Pakistani Prime Minister Nawaz Sharif condemned the killing of prominent women’s rights activist Sabeen Mahmud in the port city of Karachi and ordered an investigation into the attack.
Gunmen on a motorcycle killed Mahmud late Friday, just hours after she held a forum on restive, southeastern Baluchistan Province, police said. Baluchistan is known as the home of a long-running insurgency in Pakistan, VoA reported.
While the investigators have declined to give details on the possible motive for the killing of Mahmud, friends and colleagues described her death as a targeted assassination.
Mahmud had become a Pakistani figurehead for humanism, love and tolerance. She had received death threats in the past, according to reports.
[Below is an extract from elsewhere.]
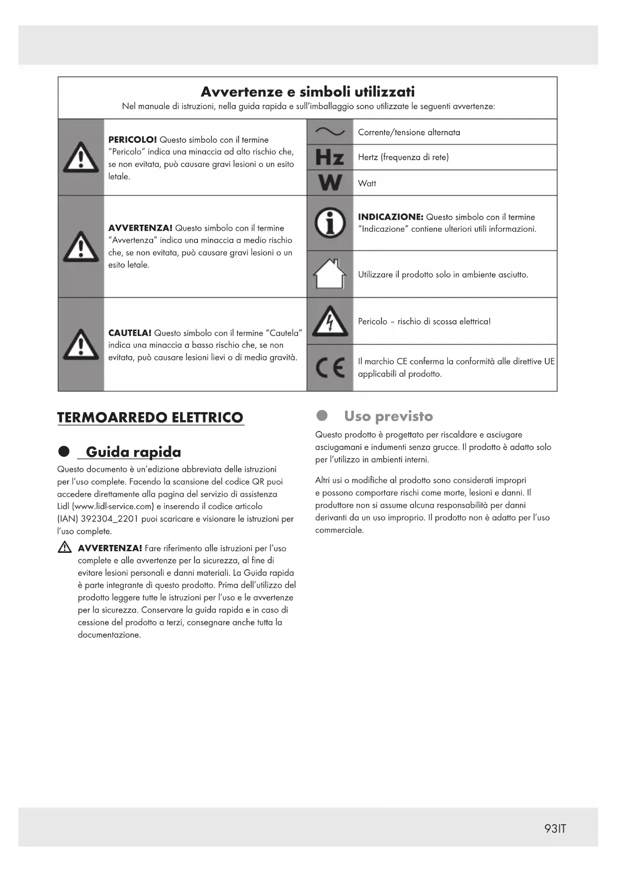 [8] [1] ≥ 60 cm [9] [9]92 IT Avvertenze e simboli utilizzati................................... . . Pagina 93 Guida rapida ....................................................... . . Pagina 93 Uso previsto .......................................................... . . Pagina 93 Descrizione dei componenti.............................................. . . Pagina 94 Dati tecnici ........................................................... . . Pagina 95 Istruzioni di sicurezza ............................................. . . Pagina 95 Montaggio.......................................................... . . Pagina 98 Libera installazione .................................................... . . Pagina 98 Montaggio a parete.................................................... . . Pagina 98 Funzionamento .................................................... . . Pagina 98 Pulizia e manutenzione ........................................... . . Pagina 98 Smaltimento........................................................ . . Pagina 98 Assistenza .......................................................... . . Pagina 99 Disegno di montaggio– libera installazione................... . . Pagina 100 Disegno di montaggio– montaggio a parete ................. . . Pagina 10193IT Avvertenze e simboli utilizzati Nel manuale di istruzioni, nella guida rapida e sull’imballaggio sono utilizzate le seguenti avvertenze: PERICOLO! Questo simbolo con il termine “Pericolo” indica una minaccia ad alto rischio che, se non evitata, può causare gravi lesioni o un esito letale. Corrente/tensione alternata Hertz (frequenza di rete) Watt AVVERTENZA! Questo simbolo con il termine “Avvertenza” indica una minaccia a medio rischio che, se non evitata, può causare gravi lesioni o un esito letale. INDICAZIONE: Questo simbolo con il termine “Indicazione” contiene ulteriori utili informazioni. Utilizzare il prodotto solo in ambiente asciutto. CAUTELA! Questo simbolo con il termine “Cautela” indica una minaccia a basso rischio che, se non evitata, può causare lesioni lievi o di media gravità. Pericolo–rischio di scossa elettrica! Il marchio CE conferma la conformità alle direttive UE applicabili al prodotto. TERMOARREDO ELETTRICO Guida rapida Questo documento è un’edizione abbreviata delle istruzioni per l’uso complete. Facendo la scansione del codice QR puoi accedere direttamente alla pagina del servizio di assistenza Lidl (www.lidl-service.com) e inserendo il codice articolo (IAN)392304_2201 puoi scaricare e visionare le istruzioni per l’uso complete.

The Pakistani activist, who ran Karachi’s Second Floor cafe, known locally as T2F, and her mother, Mehnaz Mahmud, were on their way home from the cafe when they were attacked.
She died on her way to the hospital. Doctors said they extracted five bullets from her body. Her mother, who was also shot, remains in critical condition.
Earlier in the day, Mahmud had hosted an event at the cafe about rights abuses in Baluchistan, featuring two prominent Baluch rights activists, Abdul Qadeer Baluch and Farzana Baluch, among other speakers.